覘き小平次

レビュー、書いたつもりになって忘れてた。一ヶ月前の読書……。

ハードカバーで出た小説が新書化されるのが約二年後、文庫化されるのがさらにその二年後、という気の長い話が、出版の世界では当たり前のようである。

そんな世界に於いて、新書化を待ち望んでいたのが本作品『覘き小平次』だ。

京極夏彦の時代物は、『嗤う伊右衛門』、『巷説百物語』、『続巷説百物語』と新書で読み、さすがに新書化を待ちきれなかった『後巷説百物語』だけはハードカバーで読んだのだが、時期的に微妙だったので『覘き小平次』だけは待っていた、というわけだ。

この作品は、形式的にも内容的にも作中時系列的にも、映画化もされた『嗤う伊右衛門』の正統的続編ということになる。

嗤う伊右衛門』に登場した小股潜りの又市を主軸においた『巷説百物語』シリーズも続編といえなくもないのだが、あれは活劇。
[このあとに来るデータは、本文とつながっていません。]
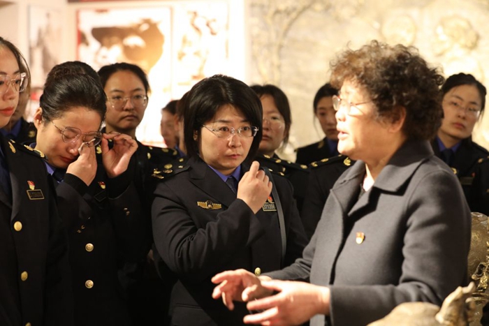 2021年3月5日,山東省臨沂市沂南縣綜合行政執(zhí)法局女黨員聆聽于愛梅(右二)講紅嫂擁軍支前故事,很多黨員被感動流淚。杜昱葆 攝
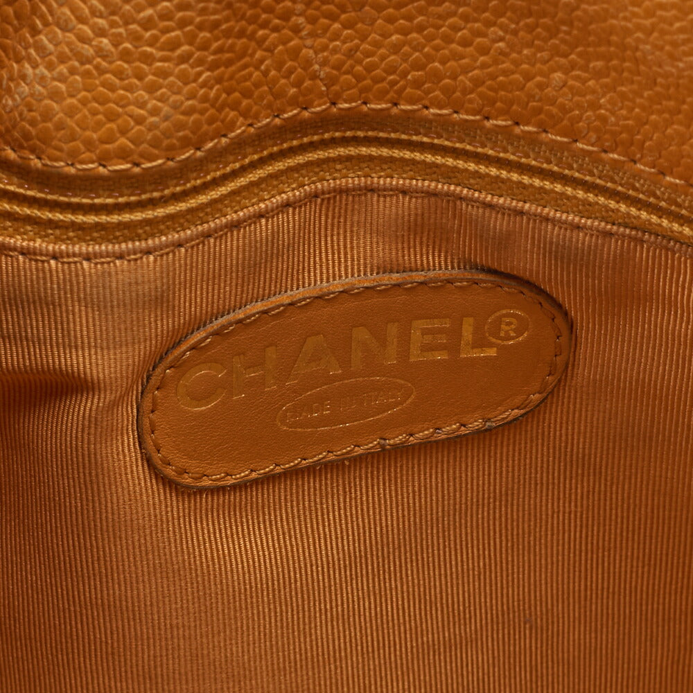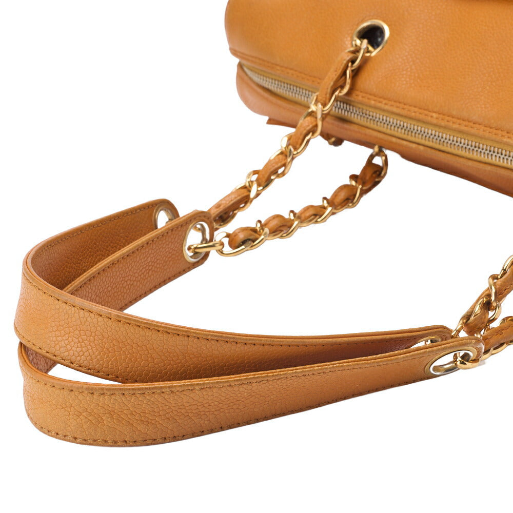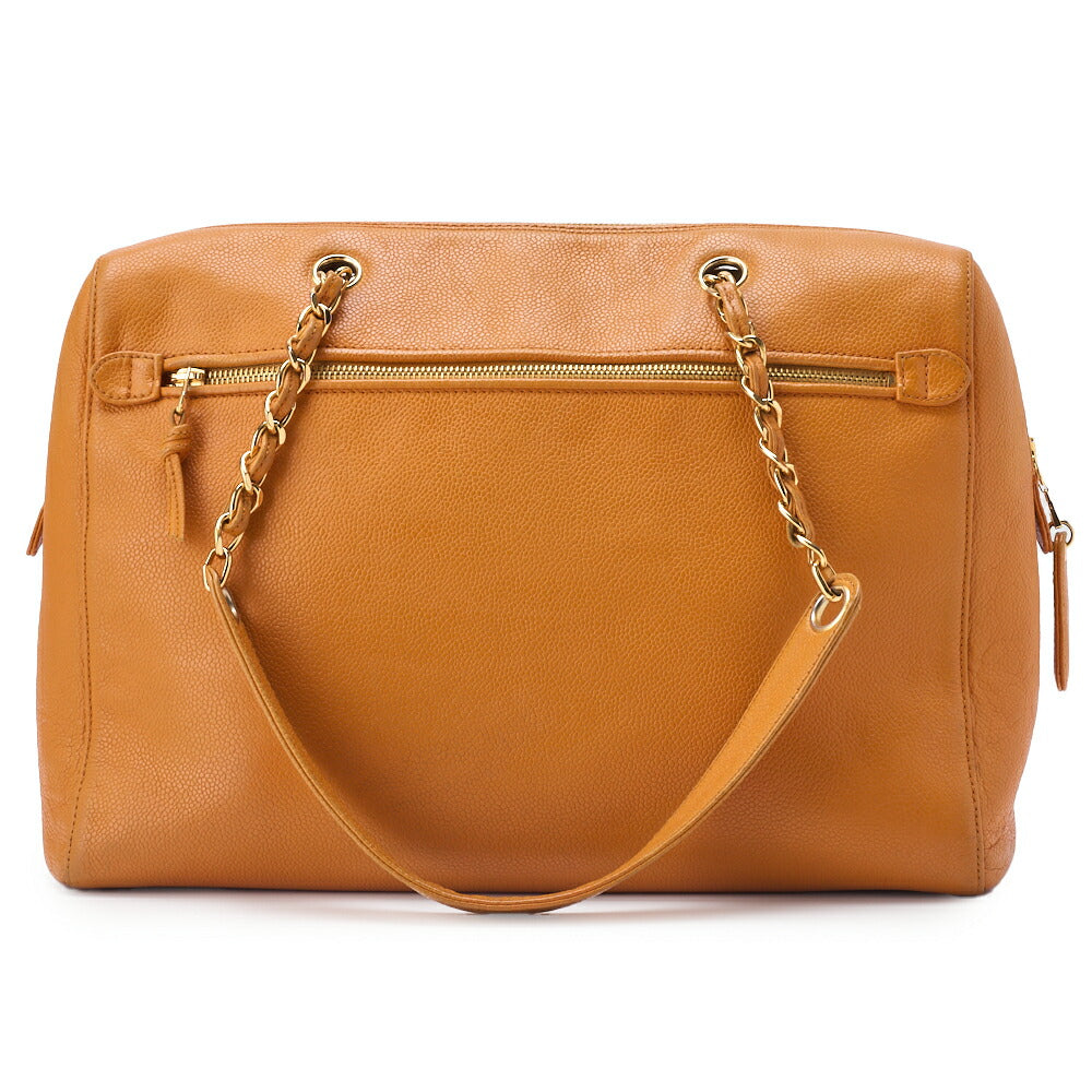 Gebrauchte Umhängetasche Tote Bag Coco Mark Doppelkette Schulter Kaviarhaut Orange Goldfarbene Hardware Gebraucht

位置付けがちょいと違う。

嗤う伊右衛門』が四谷怪談京極夏彦風純愛悲恋にアレンジしたものなら、この作品は「小平次もの」と呼ばれる怪談を再構築したもの。

浅学ゆえに「小平次もの」を知らなかったのだが、まあ、小学館国語大辞典にも、

こばた-こへいじ【小幡小平次

(「こはだこへいじ」とも)妻の情夫に殺された旅役者小幡小平次の怪談を扱った歌舞伎脚本の総称。「彩入御伽草」「怪談木幡小平次」「小幡怪異雨古沼」など。

と載ってるくらいだから、四谷怪談ほどでないにしても、割と有名なのかもしれない。

まあ、細かいことは各自調べて欲しい。

基本的な構成は、『嗤う伊右衛門』と同じで、各章のタイトルになっている人物の視点から起こった事象を語りつつ、その人物の内面を浮き彫りにしていく。

残念だったのは、起こった事象が怪異の噂となって拡散していく一方で、当事者たちは収束し一種血なまぐさいカタストロフィとなる、という基本構成が『嗤う伊右衛門』を完全に踏襲してしまっているということ。

その一点を除けば、非常に楽しめる作品だ。

前述した通り、各章で登場人物たちの内面ををこれでもか、これでもか、というくらいにエグっていくので、読んでいる方としてはグイグイ引き込まれていく。

ハタから見た彼らと、彼らの内面との対比が面白く、おぞましくも愛おしい。

結局のところこの作品の肝は、小平次とお塚の歪んだ愛情(関係)という一点に尽きるのだが、まあ、何と云うか特殊の集合が一般なんだな、と得心した次第。